24 Adaletin uyarınca haklı çıkar beni, ya RAB, Tanrım benim! Gülmesinler halime!
अपनी सदाक़त के मुताबिक़ मेरी'अदालत कर, ऐ ख़ुदावन्द, मेरे ख़ुदा! और उनको मुझ पर ख़ुशी न मनाने दे।
25 Demesinler içlerinden: “Oh! İşte buydu dileğimiz!”, Konuşmasınlar ardımdan: “Yedik başını!” diye.
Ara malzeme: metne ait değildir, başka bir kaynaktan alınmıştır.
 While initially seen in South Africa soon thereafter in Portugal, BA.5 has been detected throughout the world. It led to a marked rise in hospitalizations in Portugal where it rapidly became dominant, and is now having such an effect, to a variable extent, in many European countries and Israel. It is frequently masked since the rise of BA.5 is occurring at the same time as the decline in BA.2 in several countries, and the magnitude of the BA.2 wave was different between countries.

वह अपने दिल में यह न कहने पाएँ, “अहा! हम तो यही चाहते थे!” वह यह न कहें, कि हम उसे निगल गए।
26 Utansın kötü halime sevinenler, Kızarsın yüzleri hepsinin; Gururla karşıma dikilenler Utanca, rezalete bürünsün.
जो मेरे नुक़सान से ख़ुश होते हैं, वह आपस में शर्मिन्दा और परेशान हों! जो मेरे मुक़ाबले में तकब्बुर करते हैं वह शर्मिन्दगी और रुस्वाई से मुलब्बस हों।
27 Benim haklı çıkmamı isteyenler, Sevinç çığlıkları atıp coşsunlar; Şöyle desinler sürekli: “Kulunun esenliğinden hoşlanan RAB yücelsin!”
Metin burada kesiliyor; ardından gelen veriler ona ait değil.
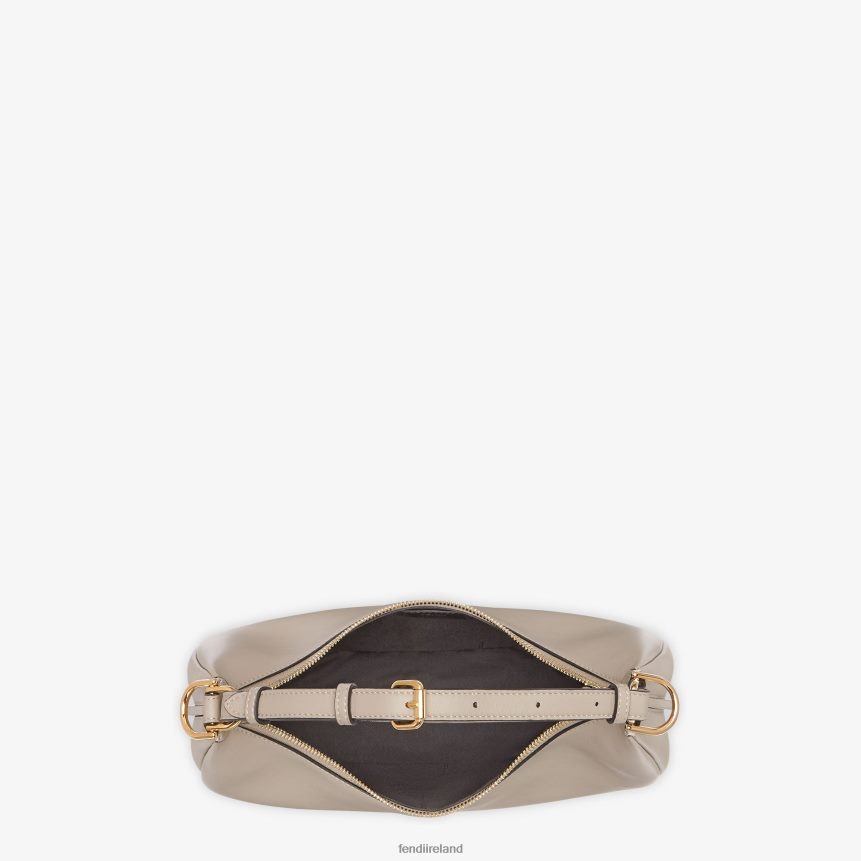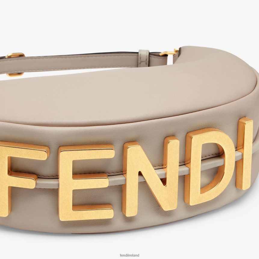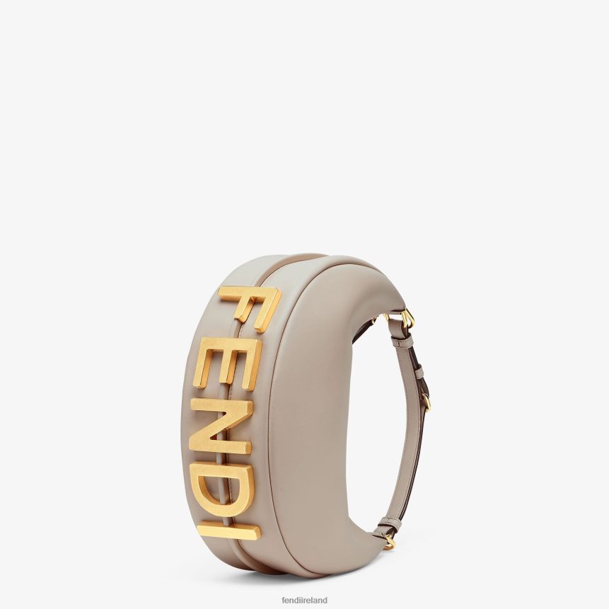 Small hobo bag made of soft, dove gray leather, decorated with vintage gold metal FENDI lettering visible when wearing the bag under the arm.

जो मेरे सच्चे मु'आमिले की ताईद करते हैं, वह ख़ुशी से ललकारें और ख़ुशहों; वह हमेशा यह कहें, ख़ुदावन्द की तम्जीद हो, जिसकी ख़ुशनूदी अपने बन्दे की इक़बालमन्दी में है!
28 O zaman gün boyu adaletin, Övgülerin dilimden düşmeyecek.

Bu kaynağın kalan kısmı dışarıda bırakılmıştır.